As investors wait with bated breath to find out who the 45th U.S. president will be, Wells Fargo delivered a calming message: Equities are heading higher with either Hillary Clinton or Donald Trump in the White House.
"We've been telling our clients for a year: The trajectory of the economy will remain the same during the next 12 to 18 months of the new president's term no matter who is elected," Scott Wren explained to CNBC's "Futures Now" on Election Day. "The market might worry or think about what might happen two or three years down the road based on who is president, but only for a very short time. The market will quickly get back to trading on what the economy and earnings are going to look like over the next six to 12 months."
On a case-by-case basis, the senior global equity strategist for Wells Fargo Investment Institute said that, with a Trump victory, there would likely be some short-term market downside, but that it would not be comparable to the severe drop that followed Brexit.
"If Donald Trump wins this thing, you'll see some immediate initial downside. We'll test those technical stops below 2,085 in the S&P 500," added Wren when discussing the initial response to a Trump presidency.
Wren added that while Hillary Clinton means much more certainty and her victory would lead to near-term bump, markets would still only rise "60 handles higher in the S&P" at the end of the year from current levels. Wren believes that this is mainly because her victory has already been priced into the markets.
With this in mind, Wren explained that his firm remains adamant that Fed action will be the key driver for the U.S. economy in the coming year.
"The Fed does not change based on who wins," explained Wren, who foresees two hikes before the end of 2017. "The Fed appears to be setting the table for a hike at the December meeting, but the equity market should take that in stride as the market has been given a heads-up well in advance."
Throughout the course of 2016, Wells Fargo has remained one of the most bullish firms on Wall Street and Wren has defended that position on numerous occasions. His 2016 and 2017 year-end S&P 500 price target ranges from 2,190 to 2,290, which would represent a 7 percent increase from current levels.
"The stock market, after seven years, is finally near fair value for this point in time," noted Wren when discussing the second-longest bull market in history wherein the value of stocks have nearly tripled. "Our work suggests the S&P 500 trades to the top end and possibly slightly beyond near the middle of next year. In other words, the high water mark for stocks in 2017 is likely to be mid-year."

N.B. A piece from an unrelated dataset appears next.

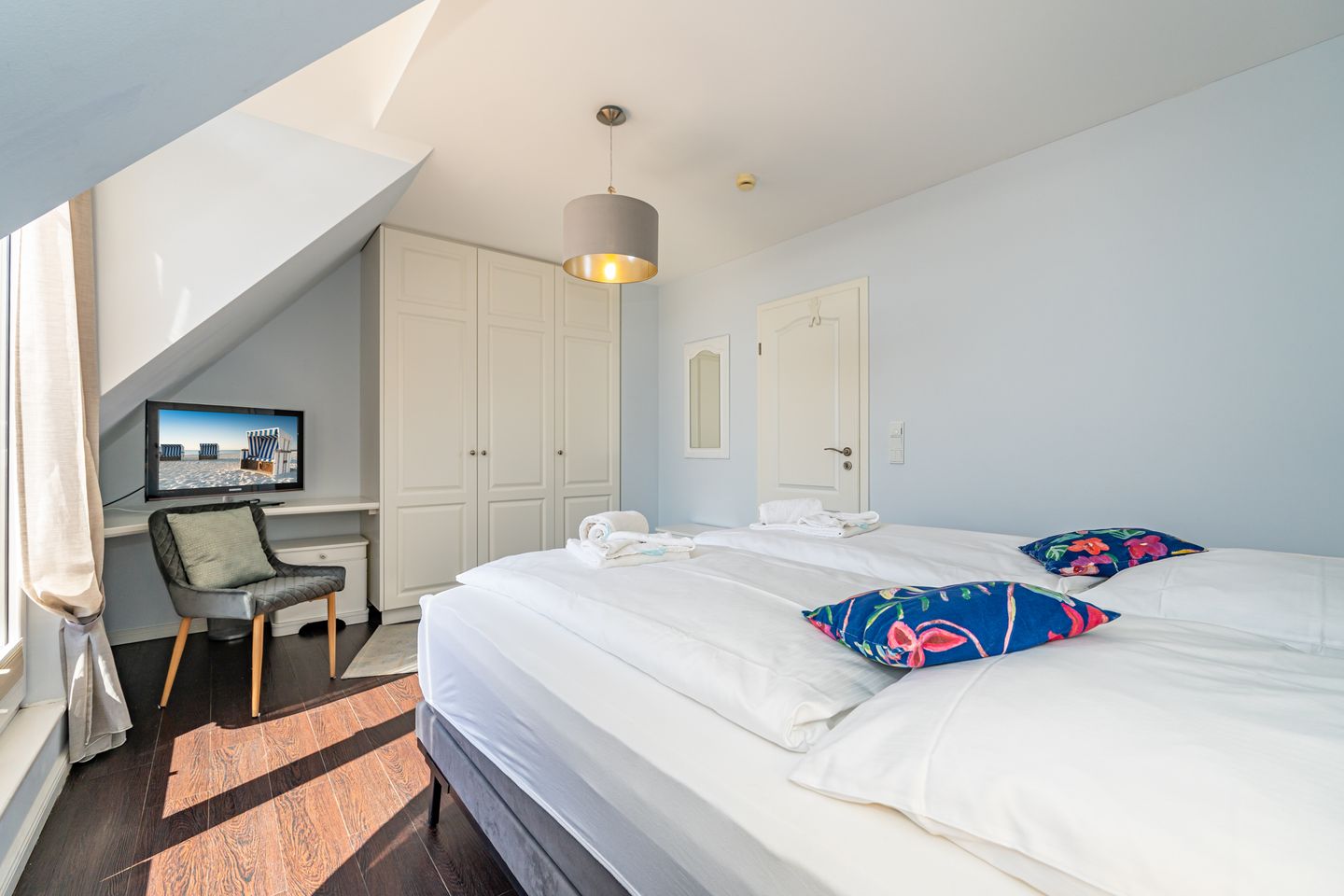 Ab sofort ist das Ferienhaus Charlotte nur noch für 4 Personen buchbar. Alle bestehenden Buchungen bleiben wie gebucht bestehen und werden so wie gebucht durchgeführt. Im EG befinden sich der helle Wohn-/Essbereich mit Fußbodenheizung, Flachbild-TV und direktem Zugang zur Südterrasse. Diese ist ausgestattet mit Sylter Strandkorb und Gartenmöbeln (saisonal). Im Erdgeschoss befindet sich ebenfalls ein Badezimmer mit WC, bodentiefer Dusche und Waschtrockner. Sowie eine separate Küche mit Backofen Geschirrspüler, Cerankochfeld und Mikrowelle. Ein Schlafzimmer mit Doppelbett, Flachbild-TV und Balkon und ein weiteres Schlafzimmer mit zwei Einzelbetten, sowie das angrenzende helle, Duschbad befinden sich im Obergeschoss. Das Dachgeschoss verfügt über ein weiteres Schlafzimmer mit Doppelbett. Es steht Ihnen kostenfreies WLAN sowie kostenfreie Telefonate ins deutsche Festnetz zur Verfügung. Ein Parkplatz sowie ein Fahrradständer stehen Ihnen vor dem Haus zur Verfügung. Tiere sind in diesem Haus nicht erlaubt.

In this time frame, Wren is recommending investors turn to information technology, health care and industrials as he believes that earnings within these sectors will be another key driver upward.
"We look for earnings growth to be flat to barely positive in 2016," began Wren. "However, we're expecting 6 to 7 percent growth in 2017."
For this reason, Wren is advising that investors continue to "buy on any pullbacks" before year's end and concluded in a note to CNBC that "U.S. stocks are a safe haven in an uncertain world."